分析では、分類するトピック数を決定する分析、コメントデータをトピックに分類する分析、曲ごとのコメントを、どのトピックに類似度が高いか調べる分析の3つを行った。分析の結果、最適トピック数は56に決定した。トピックの分類結果と、曲ごとのコメントの類似度の結果は表に示す。

考察と結論

本研究では、社会階層と大衆音楽消費の関係を表すのに最も近い議論を決定することはできなかった。コメントを社会階層によって分類することが困難だったためである。ただ、本研究の結果から、YouTubeのコメントは普遍的で、同じ議論が繰り返されているのではないかと推測できた。ユーザーは、YouTubeのユーザーという大きな枠組みのなかで社会的意味を生み出し、YouTubeを通じて画一的なコメントをするように変成されている。
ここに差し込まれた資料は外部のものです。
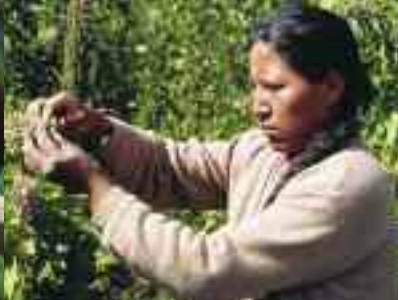
Produttore di Anapqui, organizzazione di produttori di quinoa della Bolivia e partner del movimento del commercio equo e solidale.

“Consumare è un atto agricolo”. Quando facciamo la spesa noi scegliamo continuamente quale mondo preferiamo tra:

社会階層の違いを見出すことは難しかったが、オンライン上の短文テキストを用いて、語彙の使用パターンや単語の共起性から社会階層研究を行うことの限界を示すことはできた。YouTubeのユーザーの社会階層を推定し、社会階層と大衆音楽消費の関係を特定するには、別の手法が必要だろう。

【参考文献】

[1] Pierre Bourdieu & Jean Claude Passeron. (1964). Les Héritiers : Les étudiants et la culture. (ピエール, ブルデュー. & ジャン = クロード, パスロン. (1997). 『遺産相続者たち』. 石井洋二郎, 訳. 藤原書店.)

[2] Wing Chan, T., & Goldthorpe, J. H. (2007).: The Social Stratification of Cultural Consumption: Some Policy Implications of a Research Project.: Cultural Trends, 16(4), 373–384.

[3] 日本レコード協会. (2018). 2017年度 音楽メディアユーザー実態調査. 参照日: 2018年12月18日, 参照先: 一般社団法人日本レコード協会: https://www.riaj.or.jp/f/pdf/report/mediauser/softuser2017.pdf

[4] 渡辺潤. (2000). 『アイデンティティの音楽―メディア・若者・ポピュラー文化』. 世界思想社.